Body of the report:
In reference to current report no. 48/2013 of 18 November 2013 pertaining to information on the signing of a letter of intent on 8 November 2013 by and between the Company and Kompania Węglowa S.A. domiciled in Katowice („KW”, „Seller”) concerning the possibilities of deepening cooperation in mining the deposits of the Knurów-Szczygłowice Hard Coal Mine and the Company’s potential acquisition of an organized part of KW’s business entailing the Knurów-Szczygłowice Hard Coal Mine („Mine”), the Management Board of Jastrzębska Spółka Węglowa S.A. („JSW”, „Company”, „Buyer”) reports that the parties signed a preliminary purchase agreement for the Mine on 10 April 2014.
1. The subject matter of the agreement is for the Company to acquire an organized part of the business in the form of the Knurów-Szczygłowice Hard Coal Mine entailing this mine’s tangible and intangible assets used to excavate hard coal („ZORG”), with a production capacity of 3.8 million tons of coal per annum, consisting roughly of 40% coking coal, 1.26 billion tons of economically-viable resources and 375.1 million tons of recoverable reserves, including 119.7 million tons under concessions that are currently in force – which will provide for the operation of the mine for more than 80 years.
2. The sale price for ZORG is PLN 1,490,000,000 (say: one billion four hundred million zloty).
3. The Buyer and Seller’s obligations to execute the final purchase agreement for ZORG arise upon the fulfillment of a number of suspending conditions („Suspending Conditions”), with the key ones being as follows: the Buyer obtaining the consent of the Antimonopoly Office (UOKiK), the Buyer obtaining financing in the agreed amount, the expression of consent by Parties to specific agreements executed by the Seller within the scope of running ZORG and specific rental and lease agreements executed by the Seller for the Buyer to assume the party’s rights (assignment of rights / liabilities or duties as the case may be) or novation of such agreements and execution of the pertinent new agreements with the Buyer, the Buyer and Seller acquiring the decisions, permits, consents and licenses required by law from public administrative bodies or courts and other entities and securing all internal consents and permits from their governing bodies as required to execute or perform the preliminary and final purchase agreements for ZORG, the Seller acquiring the bondholders’ consent to sell ZORG as specified by the bond issue program and to release the encumbrances established on ZORG or ZORG’s assets.

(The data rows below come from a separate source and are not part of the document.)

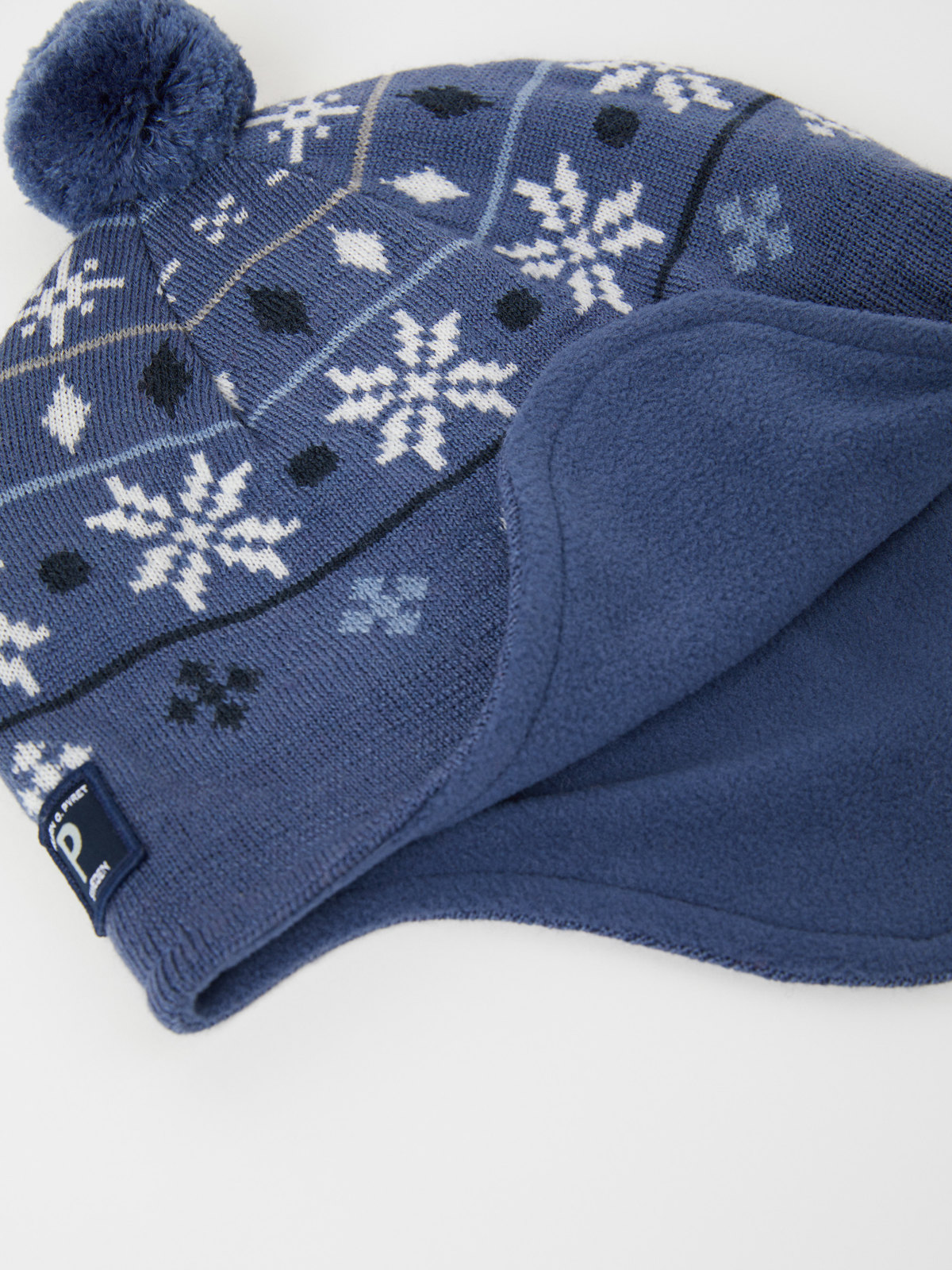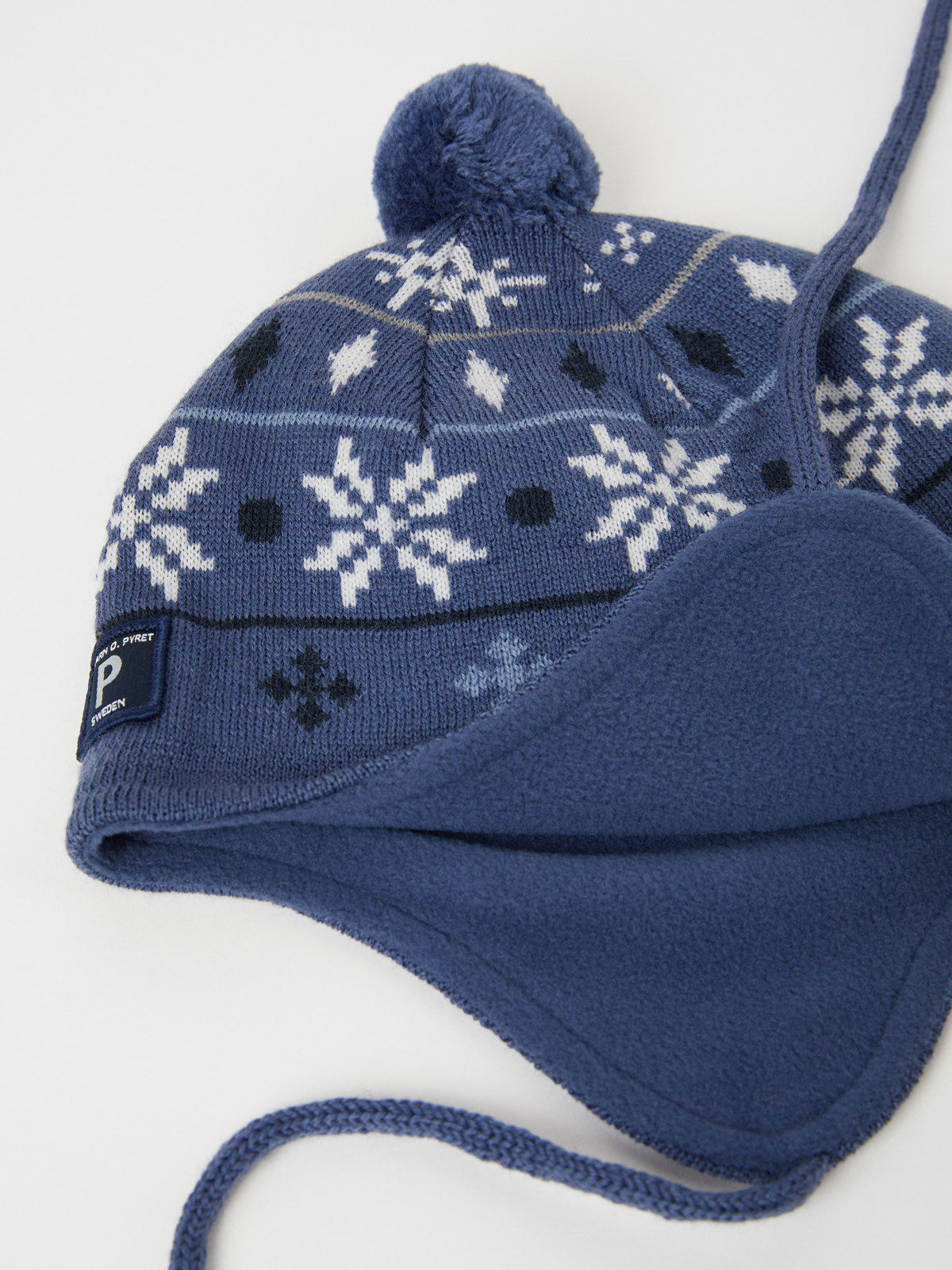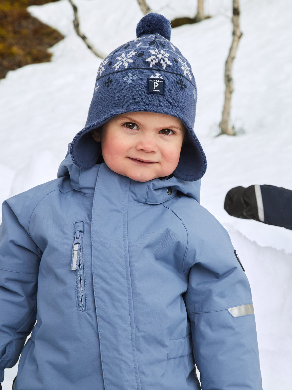 Jacquard-kuvioinen kypärämyssy lämmintä villasekoitetta. Tuulenpitävässä pipossa on pehmeä ja mukava fleecevuori ja se peittää korvat. Leuan alta solmittavien nauhojen avulla se pysyy hyvin paikoillaan. Koossa 52/54 ei ole nauhoja. Villa pitää lämpimänä myös kosteana.
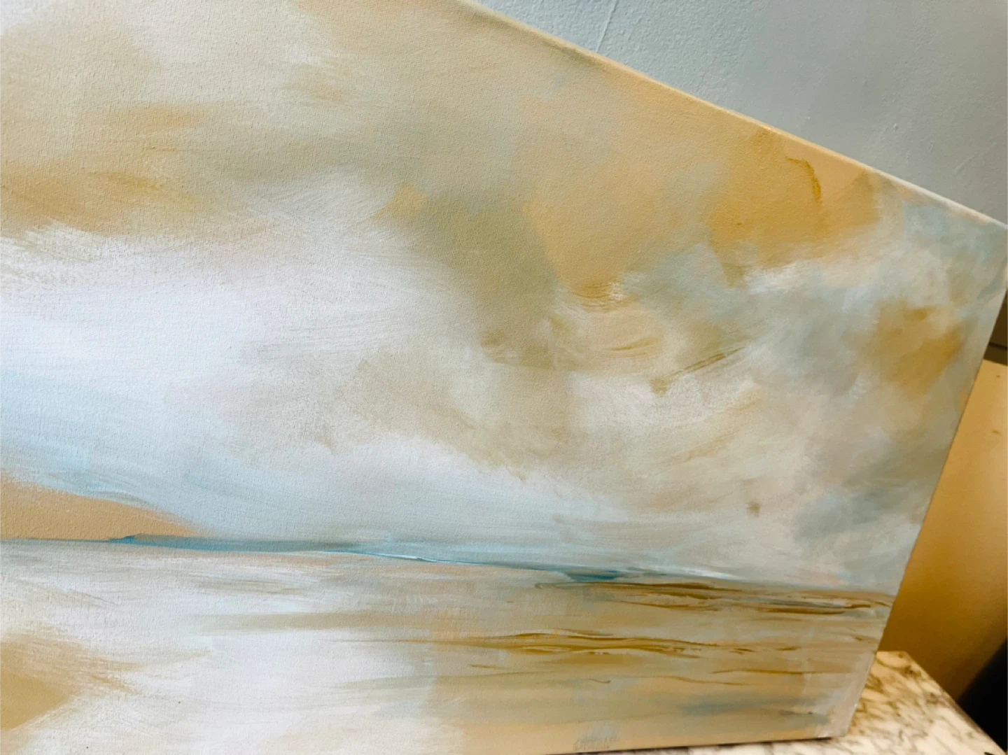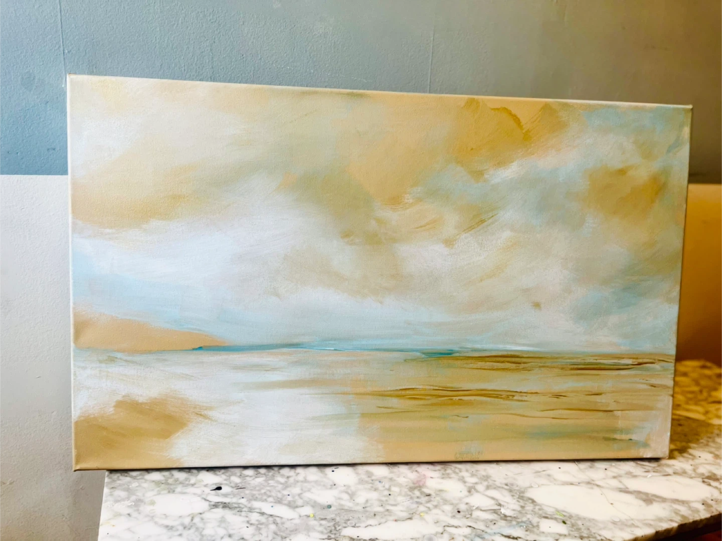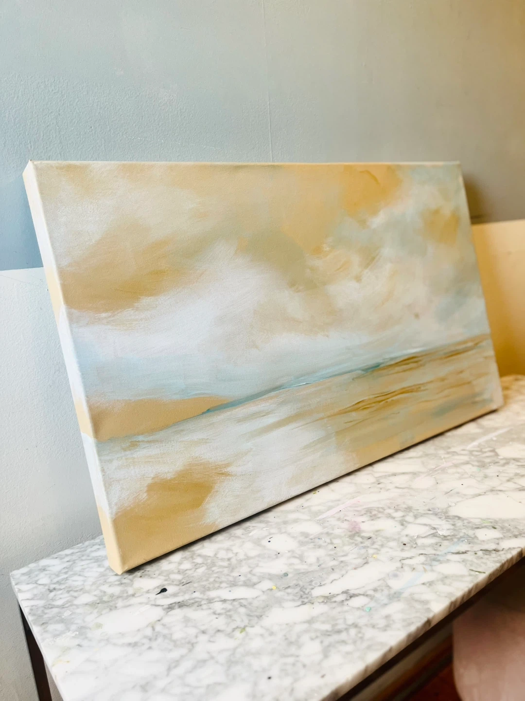 Beautiful abstract landscape painting on canvas 20x33”. It features soft, earthy tones with blues and whites, evoking a serene scene. This piece is ready to hang and would complement any room.
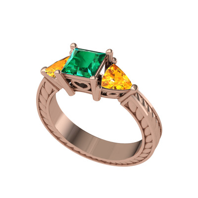 Yeşil kuvars ve sitrin 14 ayar rose altın yüzük

4. The preliminary purchase agreement for ZORG expires if the suspending conditions are not fulfilled by 31 July 2014 (inclusively).
5. The agreement contemplates a contractual penalty in the amount of PLN 100,000,000 (say: one hundred million zloty) due in the event of non-performance or improper performance of the actions under a given Party’s control at the fault of a Party leading thereby to the non-fulfillment of the Suspending Conditions or a Party avoiding execution of the final purchase agreement for ZORG on the closing date in spite of fulfilling the Suspending Conditions.
6. The agreement confers to the Buyer the right to withdraw from the preliminary agreement if a mining or construction catastrophe or some other event occurs up to the closing date (inclusively) that would reduce ZORG’s production capacity for a period of at least 6 months by 15% or more compared to the production capacity defined in the technical and economic plan.
The Company will announce the fulfillment of the conditions of the transaction and the signing of the final agreement in separate reports.